Exercise objective: Your reply is to be the lines below, exactly as written, with images omitted.
Start of Data for processing
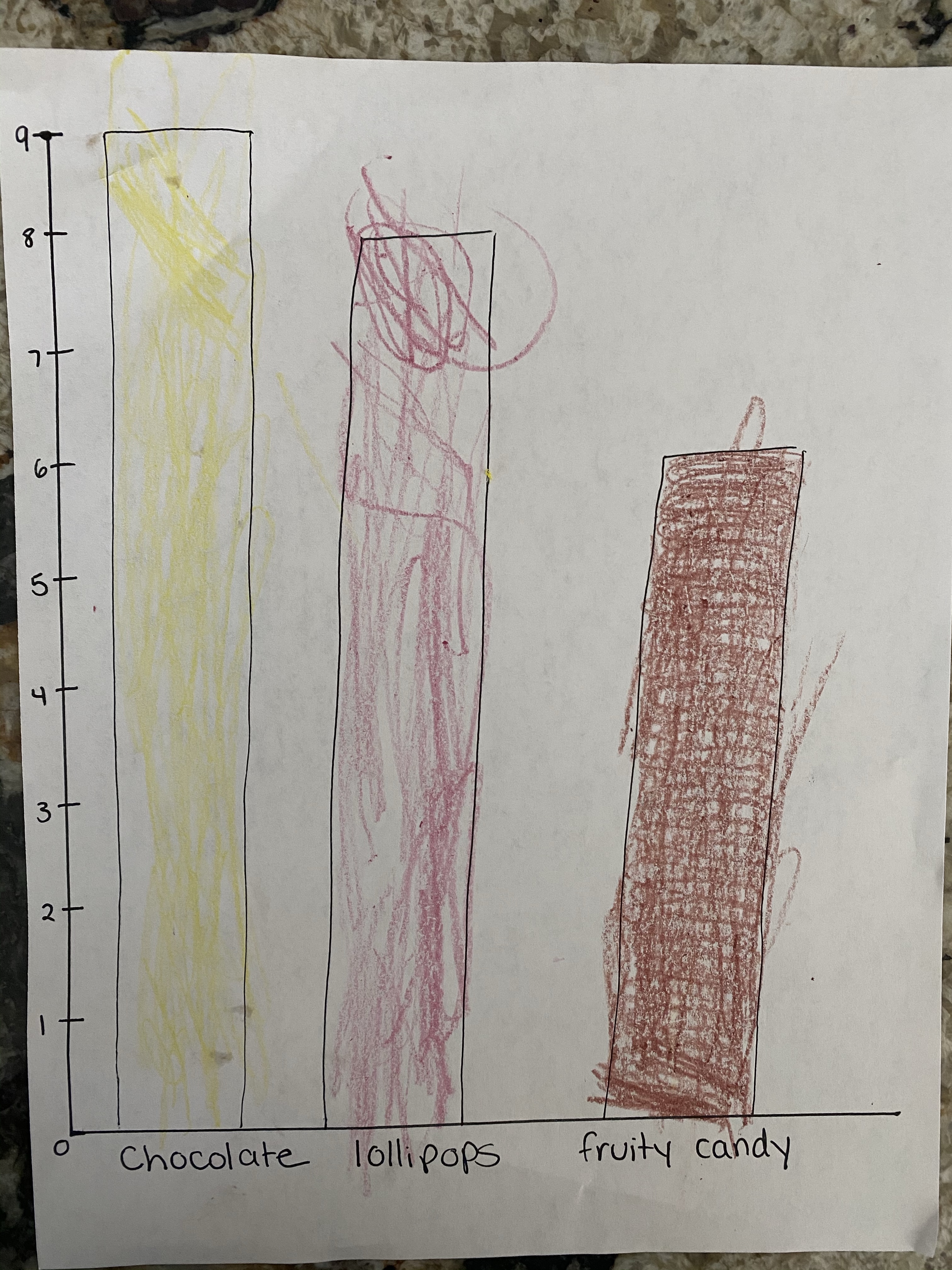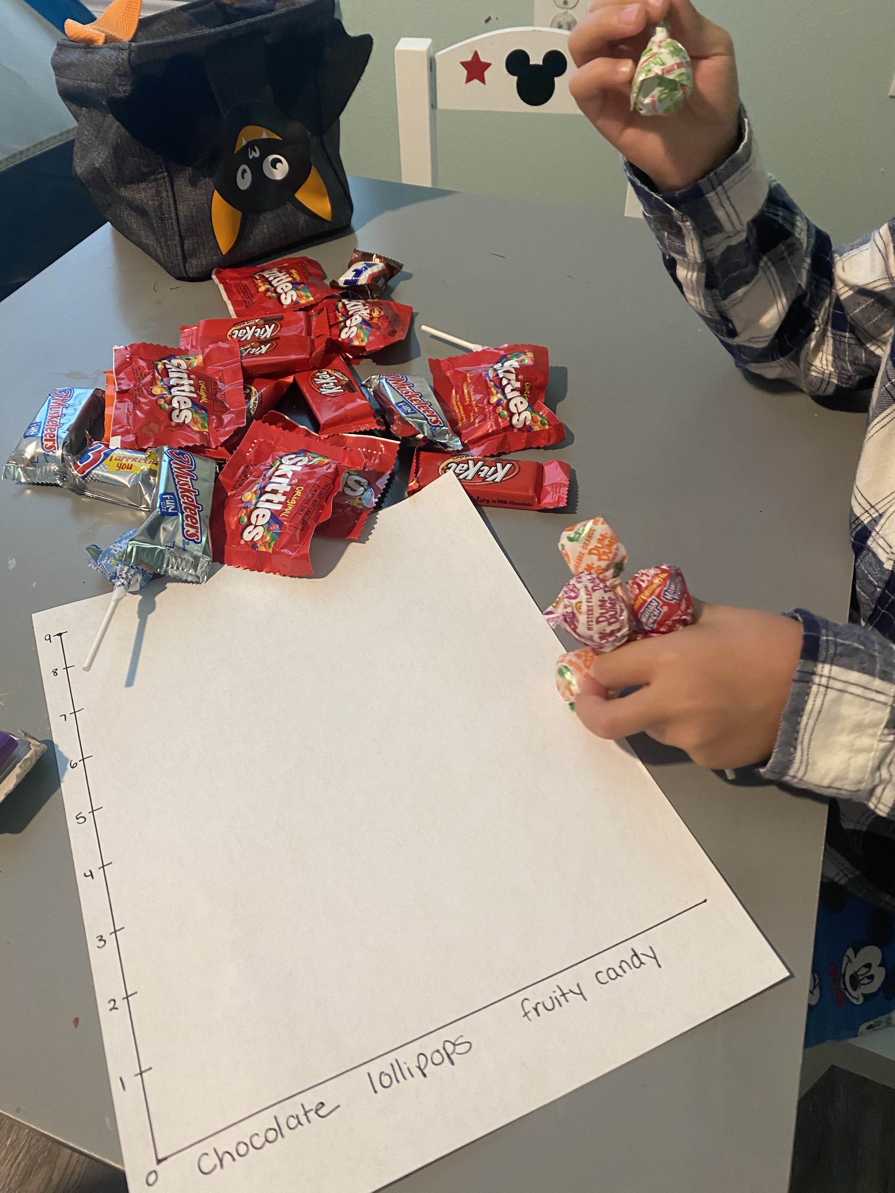-Candy graphing: I threw some candy in my little’s treat bag, then had him sort it into the categories: chocolate, fruity candy, and lollipops. Then he counted each group and found the matching number on the side of the graph. I drew a bar up to the number and he colored it in. When the graph was finished, I asked him questions like “Which candy did you get the most of (and least of)? How do you know?”
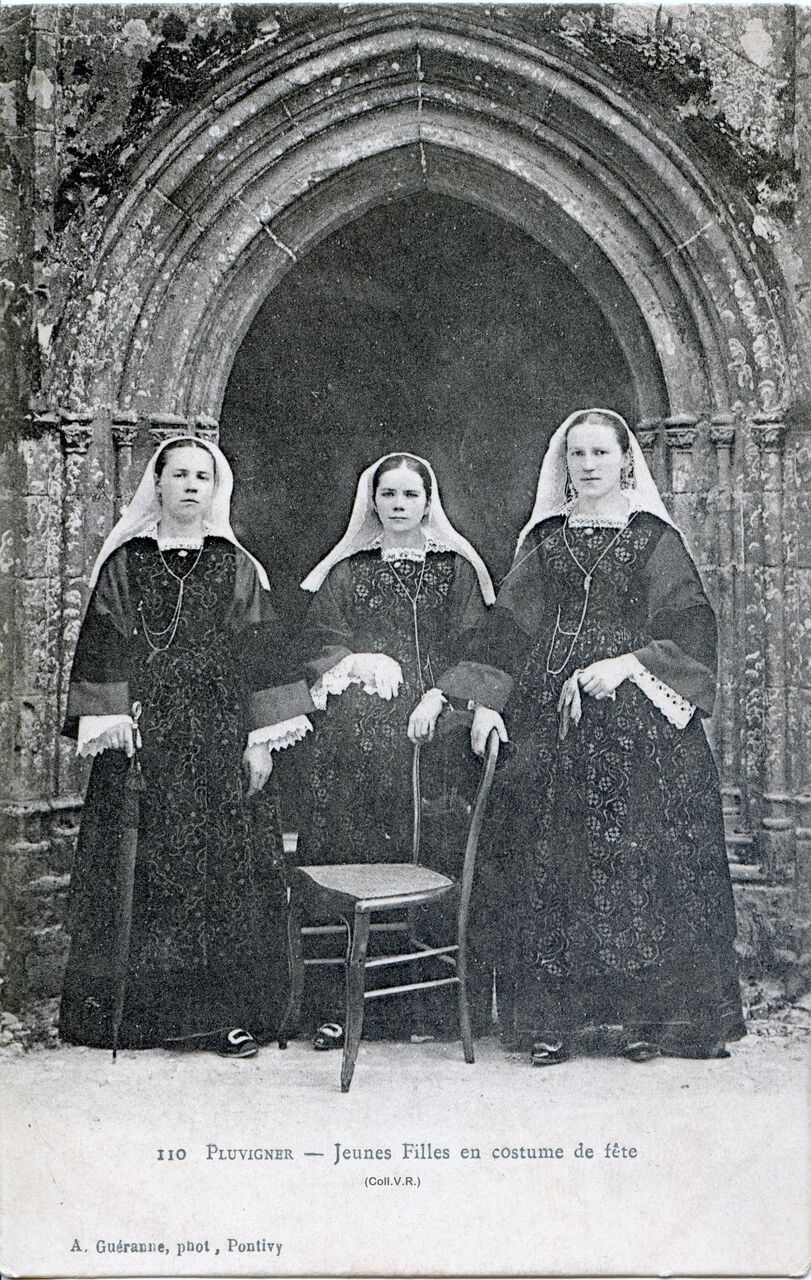 Femmes de Pluvigner en kornek (avant qu’elles ne quittent la mode de Baud pour adopter celle de Vannes-Auray, après 1910). Cols et guimpes très ouvragés, en broderie sur tulle. On remarque par ailleurs la taille de la bavette du tablier, beaucoup plus importante qu’à Baud. (Collection de CPA de Vincent Roussel)Immatriculation
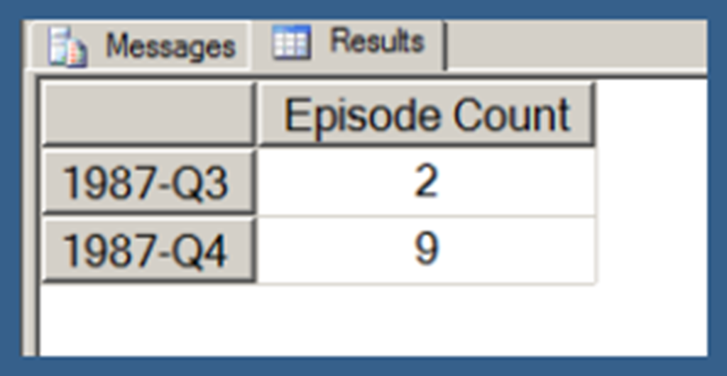 The level in my [Date].[Date Hierarchy] immediately below [Calendar Year] is [Calendar Quarter]. So, Result 4 returns the [Calendar Quarter] members under [Calendar Year].[1987] during which Star Trek: The Next Generation aired original episodes. It first aired in September of 1987, so the first two quarters of that year are filtered from the result set.
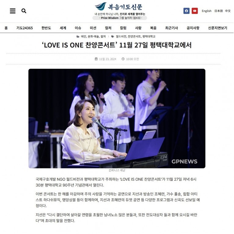 [기사] ‘LOVE IS ONE 찬양콘서트’ 11월 27일 평택대학교에서(복음기도신문)
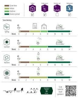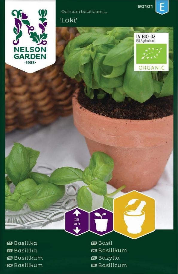 Ekologiskt frö. Basilika är en dekorativ och aromatisk krydda som älskar värme. Odla gärna basilika i kruka på en varm och solig plats. Bladen som skördas efter hand passar utmärkt till en ljuvlig pesto eller tillsammans med tomater och lite hyvlad parmesan. Vår – Spring Förodla plantor under våren. Så glest i såjord. Sätt 3-4 planta/kruka i gödslad jord när de är stora nog att hantera. Ställ ut krukan när lägsta nattemperatur är över 15°C eller behåll krukan i köket. Använd växtbelysning vid tidig sådd. Sommar – Summer Förodla plantor under sommaren. Inne eller i krukor ute. Så glest i såjord. Sätt 3-4 planta/kruka i gödslad jord när de är stora nog att hantera. Höst – Autumn Så inne i krukor för plock av blad under hösten. Behöver växtbelysning. Vinter – Winter Så inne i krukor för plock av blad under vintern. Behöver växtbelysning. Odlingsanvisning Räcker till: 30. plantor Växtläge: Sol Plantavstånd: 25 cm Radavstånd: 25 cm Sådjup: 0,2 cm Förodling: februari – maj Skördetid: april – oktober
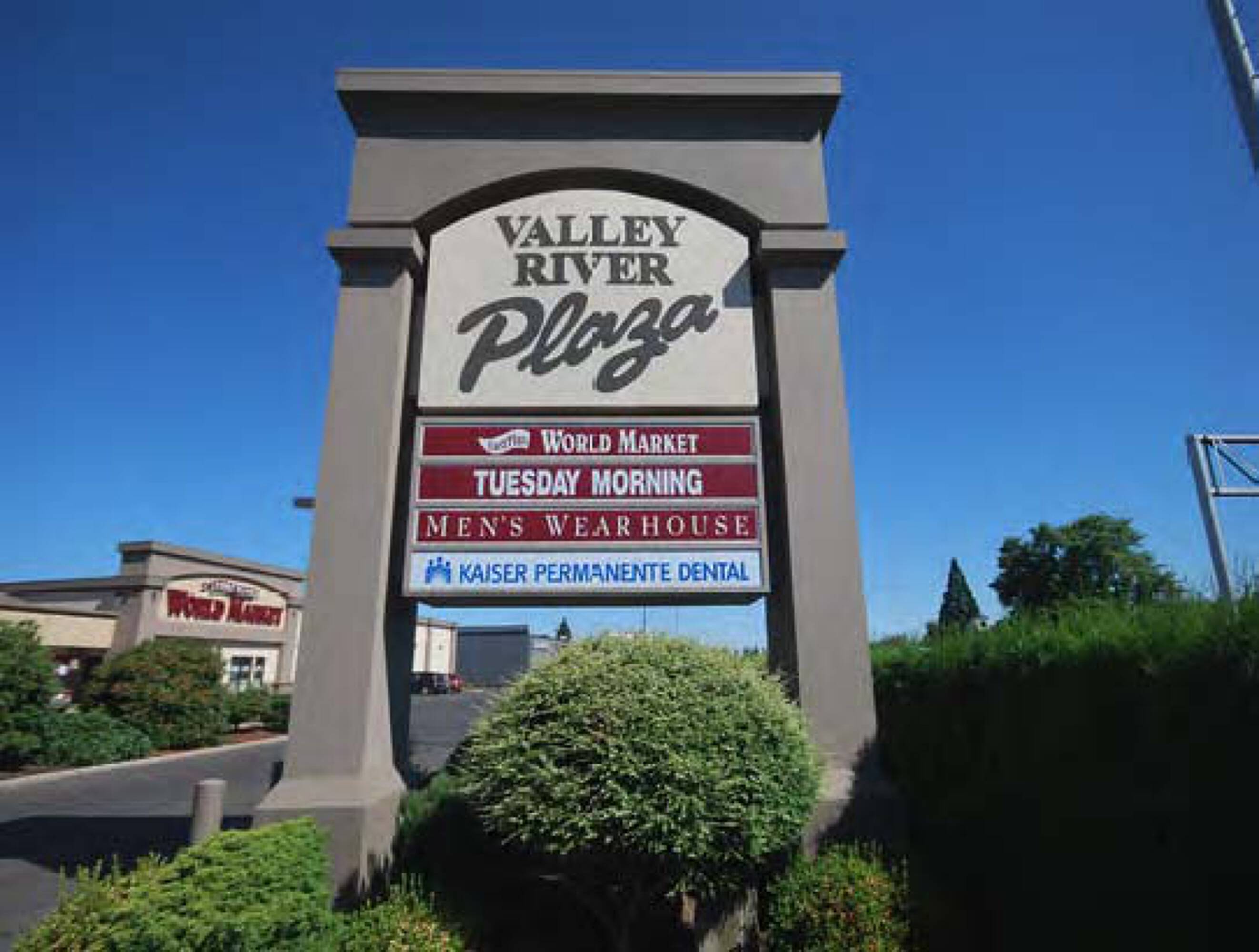 Valley River Plaza offers a location with freeway visibility and access. Situated next to Valley River Center, a super-regional mall serving Eugene and Springfield, the plaza is located along Delta Highway, approximately one mile west of Interstate 5. Current tenants of Valley River Plaza include Cost Plus World Market, Men's WearHouse, and Kaiser Permanente Dental. The Valley River Center Mall attracts approximately 7,665,000 annual visitors, averaging 21,000 daily, and features tenants such as Macy's, Regal Cinemas, JC Penny, H & M, Texas Roadhouse, and BJ's Restaurant & Brewery. The surrounding area includes Valley River Inn, Starbucks, Red Lobster, The Good Feet Store, Olive Garden, Barnes and Noble, and Petco. This location is suitable for retail and office uses.
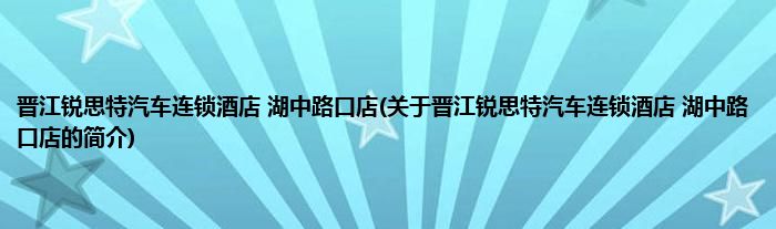 本文关于晋江锐思特汽车连锁酒店 湖中路口店的简介就讲解完毕,希望对大家有所帮助。
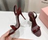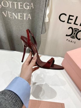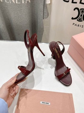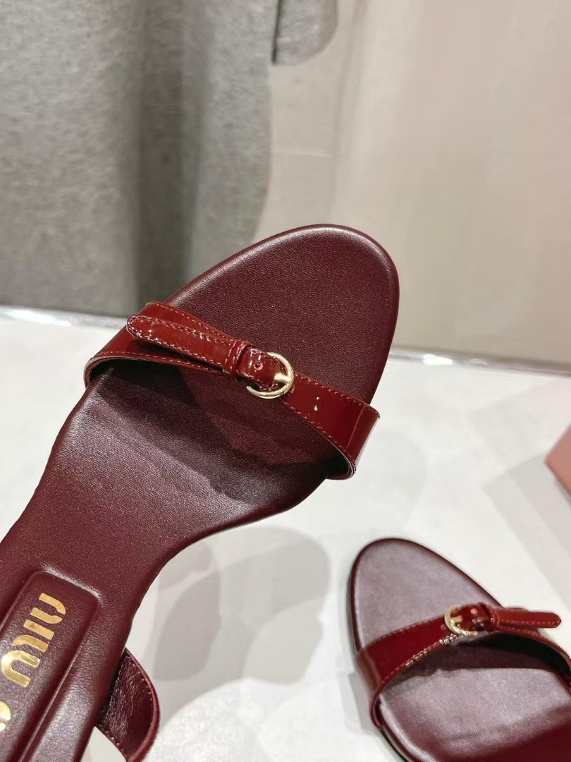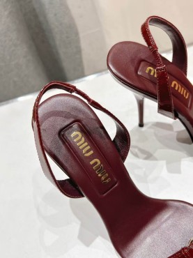 Женские кожаные босоножки Miu Miu бордовые лакированные каблук 10,5 см 2025
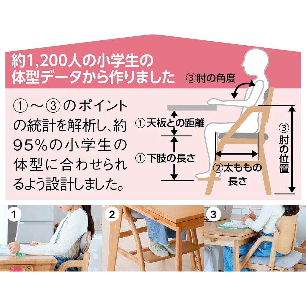 【正しい姿勢を保てる=集中力が続く】1200人の子どもの体型調査を行い、どの身長でも、ほとんど全ての子どもの体型に合う寸法に設計された学習椅子です。
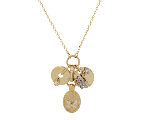 With its warm tones of rich yellow gold and intense sparkle, this Foundrae necklace will become your everyday talisman. The trio of 18K yellow gold medallions hang from the center of the adjustable 18K yellow gold chain. One 18K yellow gold diamond push gate link holds the 18K yellow gold reverie mini crescent charm, allowing it to be removed in order to create another version of the stunning necklace. The other two 18K yellow gold and diamond mini coins are soldered directly on to the chain. This necklace is perfect alone or layered with your other favorites.
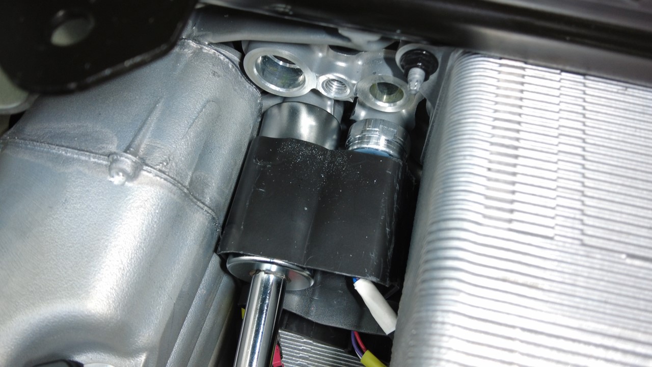 小心按下 Schrader 阀门(2 个),以平衡空调系统压力和实际环境大气压。
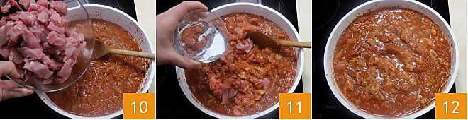 Fügen Sie das Fleisch der Sauce direkt in der Pfanne hinzu 10, mischen Sie und lassen Sie es mit einem Deckel etwa 2 Stunden kochen, gelegentlich umrühren und lauwarmes Wasser hinzufügen, wenn die Sauce zu trocken wird 11. Nach zwei Stunden sollte das Fleisch zart sein und die Sauce dick, aber nicht trocken 12; wenn dies nicht der Fall ist, fügen Sie Wasser hinzu und lassen Sie es noch 10-20 Minuten kochen. Kurz vor Ende der Garzeit mit Salz abschmecken.
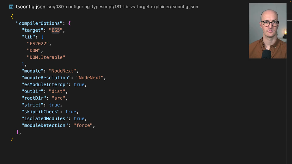 00:19 and the ones in DOM.iterable. But we can set target to something different from this. It doesn't have to be synced between lib and target. So we can say that when we transpile our TypeScript, we want to actually put it in this old syntax, ES5,
End of Data for processing
Answer to this exercise:
-Candy graphing: I threw some candy in my little’s treat bag, then had him sort it into the categories: chocolate, fruity candy, and lollipops. Then he counted each group and found the matching number on the side of the graph. I drew a bar up to the number and he colored it in. When the graph was finished, I asked him questions like “Which candy did you get the most of (and least of)? How do you know?”
 Femmes de Pluvigner en kornek (avant qu’elles ne quittent la mode de Baud pour adopter celle de Vannes-Auray, après 1910). Cols et guimpes très ouvragés, en broderie sur tulle. On remarque par ailleurs la taille de la bavette du tablier, beaucoup plus importante qu’à Baud. (Collection de CPA de Vincent Roussel)Immatriculation
 The level in my [Date].[Date Hierarchy] immediately below [Calendar Year] is [Calendar Quarter]. So, Result 4 returns the [Calendar Quarter] members under [Calendar Year].[1987] during which Star Trek: The Next Generation aired original episodes. It first aired in September of 1987, so the first two quarters of that year are filtered from the result set.
 [기사] ‘LOVE IS ONE 찬양콘서트’ 11월 27일 평택대학교에서(복음기도신문)
 Ekologiskt frö. Basilika är en dekorativ och aromatisk krydda som älskar värme. Odla gärna basilika i kruka på en varm och solig plats. Bladen som skördas efter hand passar utmärkt till en ljuvlig pesto eller tillsammans med tomater och lite hyvlad parmesan. Vår – Spring Förodla plantor under våren. Så glest i såjord. Sätt 3-4 planta/kruka i gödslad jord när de är stora nog att hantera. Ställ ut krukan när lägsta nattemperatur är över 15°C eller behåll krukan i köket. Använd växtbelysning vid tidig sådd. Sommar – Summer Förodla plantor under sommaren. Inne eller i krukor ute. Så glest i såjord. Sätt 3-4 planta/kruka i gödslad jord när de är stora nog att hantera. Höst – Autumn Så inne i krukor för plock av blad under hösten. Behöver växtbelysning. Vinter – Winter Så inne i krukor för plock av blad under vintern. Behöver växtbelysning. Odlingsanvisning Räcker till: 30. plantor Växtläge: Sol Plantavstånd: 25 cm Radavstånd: 25 cm Sådjup: 0,2 cm Förodling: februari – maj Skördetid: april – oktober
 Valley River Plaza offers a location with freeway visibility and access. Situated next to Valley River Center, a super-regional mall serving Eugene and Springfield, the plaza is located along Delta Highway, approximately one mile west of Interstate 5. Current tenants of Valley River Plaza include Cost Plus World Market, Men's WearHouse, and Kaiser Permanente Dental. The Valley River Center Mall attracts approximately 7,665,000 annual visitors, averaging 21,000 daily, and features tenants such as Macy's, Regal Cinemas, JC Penny, H & M, Texas Roadhouse, and BJ's Restaurant & Brewery. The surrounding area includes Valley River Inn, Starbucks, Red Lobster, The Good Feet Store, Olive Garden, Barnes and Noble, and Petco. This location is suitable for retail and office uses.
 本文关于晋江锐思特汽车连锁酒店 湖中路口店的简介就讲解完毕,希望对大家有所帮助。
 Женские кожаные босоножки Miu Miu бордовые лакированные каблук 10,5 см 2025
 【正しい姿勢を保てる=集中力が続く】1200人の子どもの体型調査を行い、どの身長でも、ほとんど全ての子どもの体型に合う寸法に設計された学習椅子です。
 With its warm tones of rich yellow gold and intense sparkle, this Foundrae necklace will become your everyday talisman. The trio of 18K yellow gold medallions hang from the center of the adjustable 18K yellow gold chain. One 18K yellow gold diamond push gate link holds the 18K yellow gold reverie mini crescent charm, allowing it to be removed in order to create another version of the stunning necklace. The other two 18K yellow gold and diamond mini coins are soldered directly on to the chain. This necklace is perfect alone or layered with your other favorites.
 小心按下 Schrader 阀门(2 个),以平衡空调系统压力和实际环境大气压。
 Fügen Sie das Fleisch der Sauce direkt in der Pfanne hinzu 10, mischen Sie und lassen Sie es mit einem Deckel etwa 2 Stunden kochen, gelegentlich umrühren und lauwarmes Wasser hinzufügen, wenn die Sauce zu trocken wird 11. Nach zwei Stunden sollte das Fleisch zart sein und die Sauce dick, aber nicht trocken 12; wenn dies nicht der Fall ist, fügen Sie Wasser hinzu und lassen Sie es noch 10-20 Minuten kochen. Kurz vor Ende der Garzeit mit Salz abschmecken.
 00:19 and the ones in DOM.iterable. But we can set target to something different from this. It doesn't have to be synced between lib and target. So we can say that when we transpile our TypeScript, we want to actually put it in this old syntax, ES5,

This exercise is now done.